══ Data under study
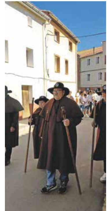
Foto: Procesión de los Devotos de la Hermandad de Romeros de la Cabeza de Santa Orosia, en Las Cuerlas. AC Las Cuerlas
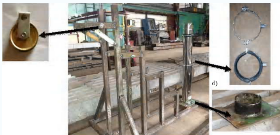
Общий вид лабораторной установки и главных конструктивных элементов: а – лабораторная установка с исследуемой моделью; б – шкив для передачи нагрузки; с – опорное кольцо; d – опорная часть
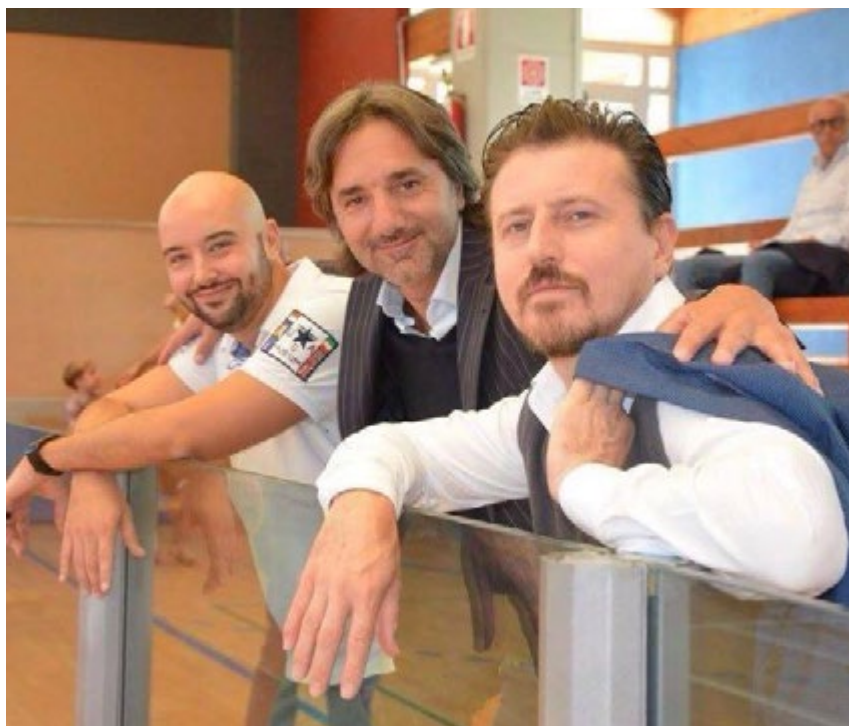
La dirigenza dell'Aniene
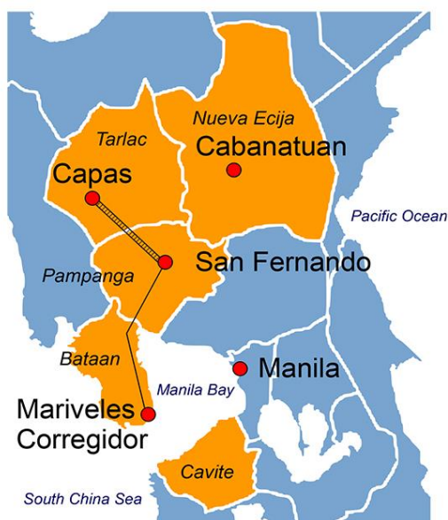
ภาพที่ 3 : แผนที่แสดงเส้นทางการเดินทางขบวนมรณะแห่งบาตาอัน

ไม่มีรายงานถึงจำนวนที่แน่นอนของผู้เสียชีวิตทั้งหมดที่เกิดขึ้นระหว่างการเดินทางและการกักขังในค่ายกักกัน จากข้อมูลระบุว่า มีชาวอเมริกันกว่า 500 คนและทหารฟิลิปปินส์ 2,500 คนถูกฆ่าในค่ายโอ ดอน เนลล์ และมีทหารชาวฟิลิปปินส์กว่า 26,000 จาก 50,000 นายและชาวอเมริกันประมาณ 1,500 นายต้องจบชีวิตลงเพราะความอดอยากและโรคร้ายไข้เจ็บในค่ายนรกแห่งนี้ โดยในภาพรวม มีชาวอเมริกันประมาณ 22,000 คน (ทหาร, กะลาสี, ทหารอากาศ, นาวิกโยธิน) ที่ถูกกองกำลังญี่ปุ่นจับเป็นเชลยศึกในคาบสมุทรบาตาอันและมีเพียง 15,000 คนเท่านั้นที่กลับมายังสหรัฐอเมริกาได้อย่างปลอดภัยคิดเป็นสองในสามของนักโทษชาวอเมริกันได้เสียชีวิตภายใต้การคุมครองของญี่ปุ่น
════
## Problem description
Print every entry word for word; omit the pictures.

## Task solution
Foto: Procesión de los Devotos de la Hermandad de Romeros de la Cabeza de Santa Orosia, en Las Cuerlas. AC Las Cuerlas
Общий вид лабораторной установки и главных конструктивных элементов: а – лабораторная установка с исследуемой моделью; б – шкив для передачи нагрузки; с – опорное кольцо; d – опорная часть
La dirigenza dell'Aniene
ภาพที่ 3 : แผนที่แสดงเส้นทางการเดินทางขบวนมรณะแห่งบาตาอัน

ไม่มีรายงานถึงจำนวนที่แน่นอนของผู้เสียชีวิตทั้งหมดที่เกิดขึ้นระหว่างการเดินทางและการกักขังในค่ายกักกัน จากข้อมูลระบุว่า มีชาวอเมริกันกว่า 500 คนและทหารฟิลิปปินส์ 2,500 คนถูกฆ่าในค่ายโอ ดอน เนลล์ และมีทหารชาวฟิลิปปินส์กว่า 26,000 จาก 50,000 นายและชาวอเมริกันประมาณ 1,500 นายต้องจบชีวิตลงเพราะความอดอยากและโรคร้ายไข้เจ็บในค่ายนรกแห่งนี้ โดยในภาพรวม มีชาวอเมริกันประมาณ 22,000 คน (ทหาร, กะลาสี, ทหารอากาศ, นาวิกโยธิน) ที่ถูกกองกำลังญี่ปุ่นจับเป็นเชลยศึกในคาบสมุทรบาตาอันและมีเพียง 15,000 คนเท่านั้นที่กลับมายังสหรัฐอเมริกาได้อย่างปลอดภัยคิดเป็นสองในสามของนักโทษชาวอเมริกันได้เสียชีวิตภายใต้การคุมครองของญี่ปุ่น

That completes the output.